▶ [Work required]
Ignoring every picture, return the lines of the listing below word for word, from the line that holds "[담아~ 밥 먹자~ ]" through the line that holds "肩書あだ名 | 『しげおかたいき社長』 |".

▶ [Material for this exercise]
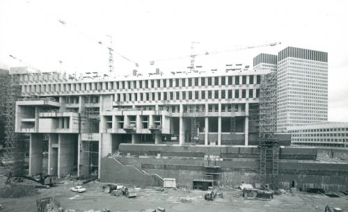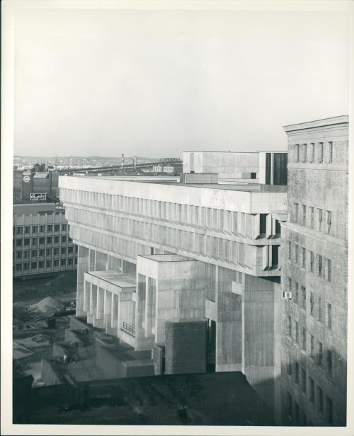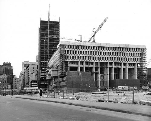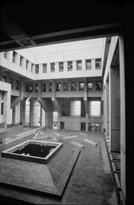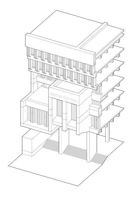 1962年、新ボストン市庁舎の設計コンペが開催された。 256の提案の中から、コロンビア大学教授のゲルハルト・カルマンとコロンビア大学大学院生のマイケル・マッキネルが提案したものが優勝した。 その後、2人はエドワード・ノウルズとともにカルマン、マッキネル&ノウルズ社を設立した。 そのデザインは、当時流行していたスチールやガラスの美学とは大きく異なっていた。 建築家たちは、建物の素材に焦点を当てた提案をする代わりに、住民との関係における建物の役割に焦点を当て、それをプロジェクトのさまざまな側面で表現することを選んだ。
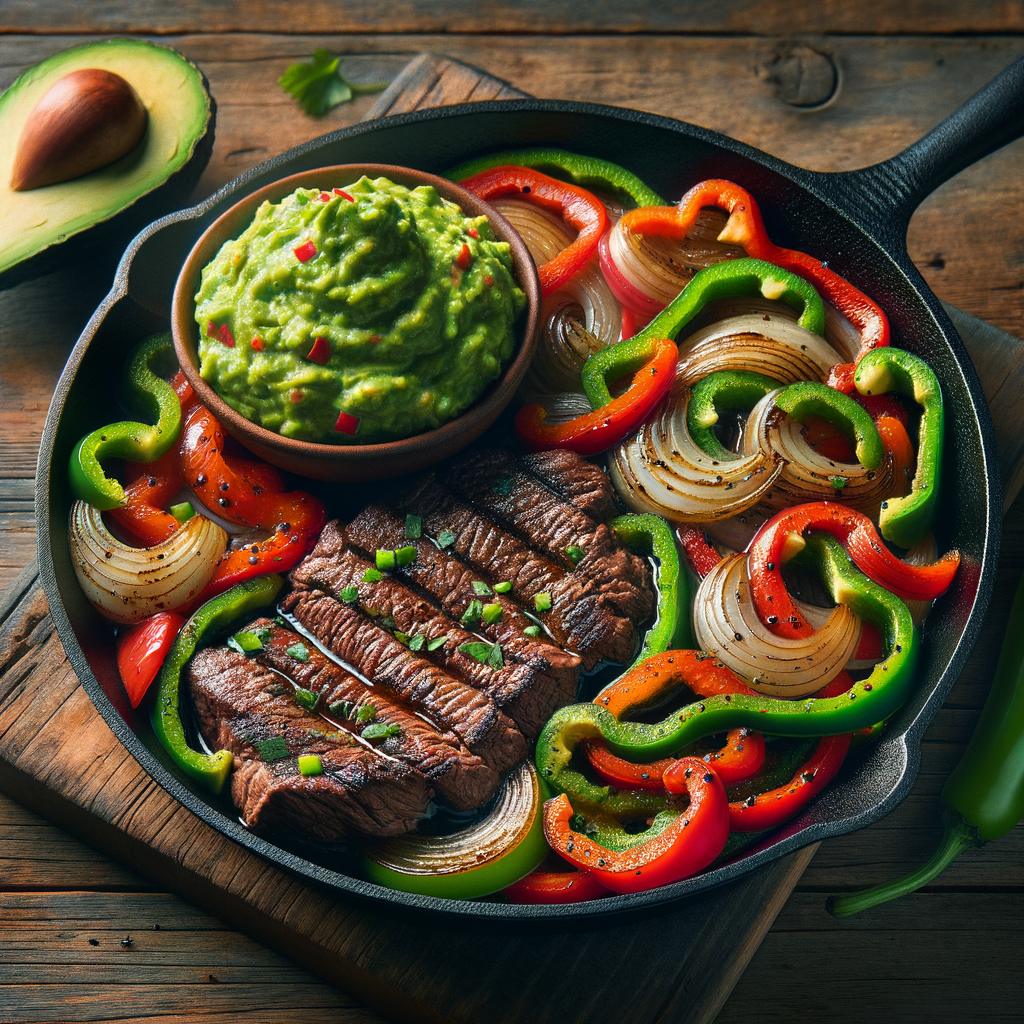 A hot skillet filled with tender strips of marinated steak, sautéed bell peppers, and onions, accompanied by a side of smooth guacamole for spreading or dipping.
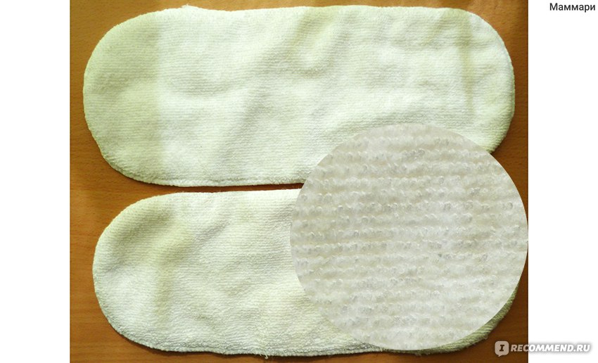 Слева внешняя поверхность оболочки подгузника, справа поверхность флисового кармана
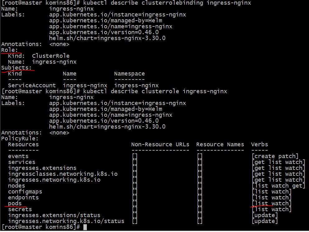# 서비스계정(serviceAccount)에서 ingress-nginx 리소스 확인
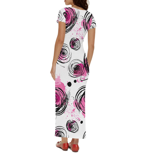 Erlebe zeitlose Eleganz und mühelosen Stil mit unserem Graffiti Blüten v5 Short Sleeve Long Dress für Damen. Dieses Kleid ist aus einem weichen und bequemen Stoff gefertigt, der den ganzen Tag über ein angenehmes Tragegefühl bietet. Das stilvolle Design überzeugt mit einer figurbetonten Passform, einem Rundhalsausschnitt und einer hüftbetonten Silhouette...
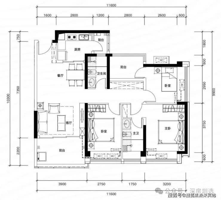 G02户型:约109㎡ 四房两厅两卫:
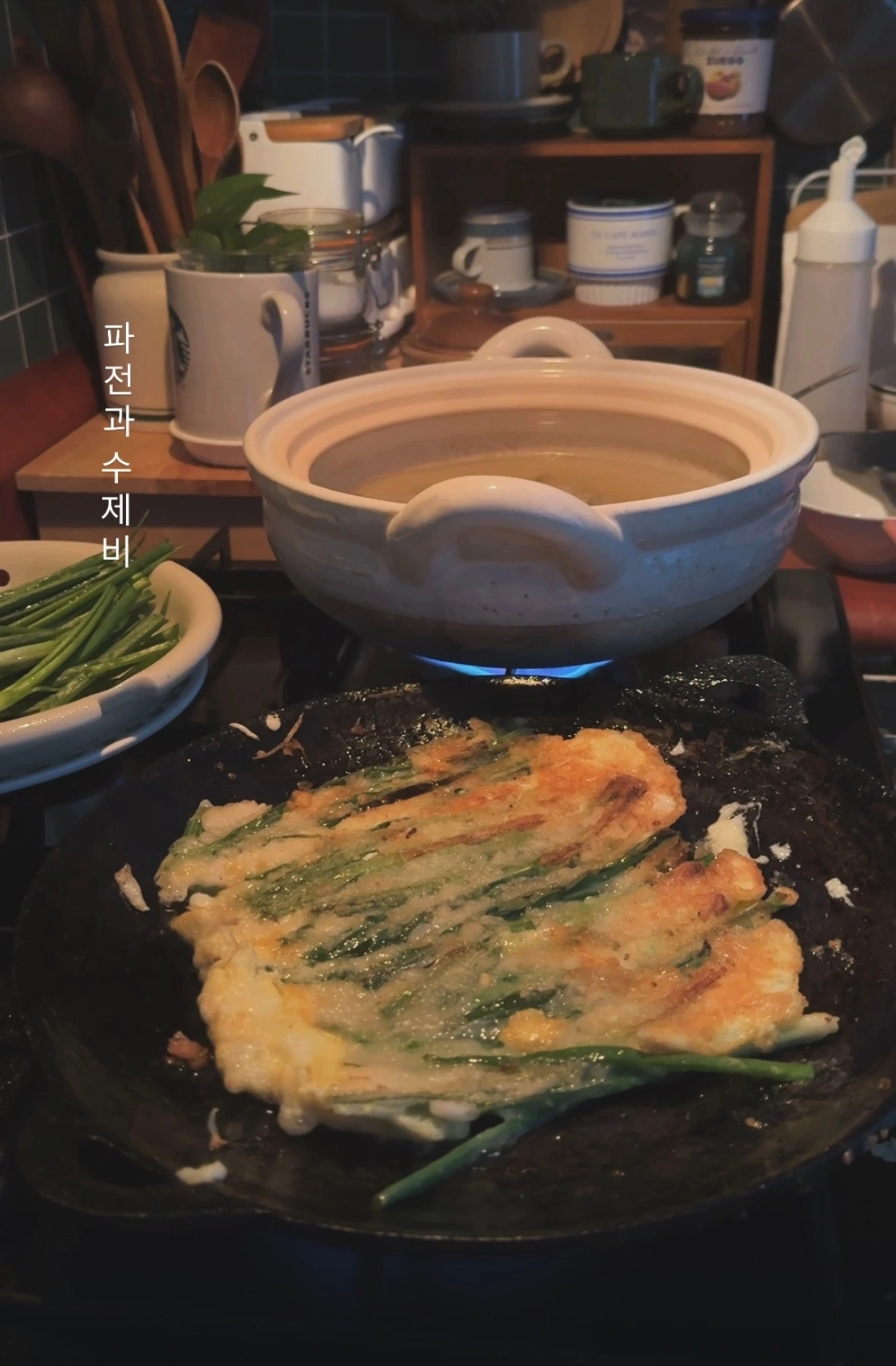 [담아~ 밥 먹자~ ] 하는 남편의 말에 아이는 못 이기는 척 방에서 나왔다. 그리고는 감사하게도 수제비 한 그릇을 깨끗이 비워냈다. 초장에 찍어 파전도 두어 접시 먹었다.
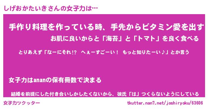 | 肩書あだ名 | 『しげおかたいき社長』 |
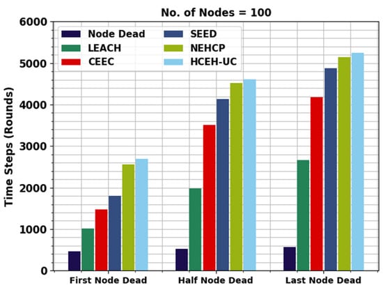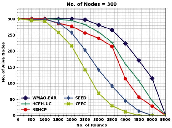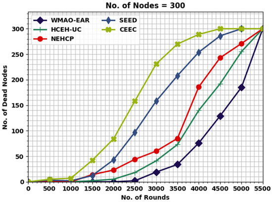 Figure 4 displays the detailed lifetime assessment of the WMAO-EAR approach under NC of 300. The results denote the WMAO-EAR method obtained an extended lifetime. For example, in terms of FND, the WMAO-EAR approach has rendered an increased FND of 2786 rounds, whereas the LEACH, CE-EC, SEED, NEH-CP, and HCEHUC approaches attained reduced FND of 528, 1091, 1610, 1814, and 2651 rounds, respectively. For HND, the WMAO-EAR method and HCEHUC models reached reduced HND of 616, 2088, 3566, 4221, and 4562 rounds, respectively. Finally, in terms of LND, the WMAO-EAR approach gave an increased LND of 5387 rounds, where the LEACH, CE-EC, SEED, NEH-CP, and HCEHUC methods reached reduced LND of 715, 2736, 5072, 4327, and 5017 rounds, respectively.

▶ [Reply]
 [담아~ 밥 먹자~ ] 하는 남편의 말에 아이는 못 이기는 척 방에서 나왔다. 그리고는 감사하게도 수제비 한 그릇을 깨끗이 비워냈다. 초장에 찍어 파전도 두어 접시 먹었다.
 | 肩書あだ名 | 『しげおかたいき社長』 |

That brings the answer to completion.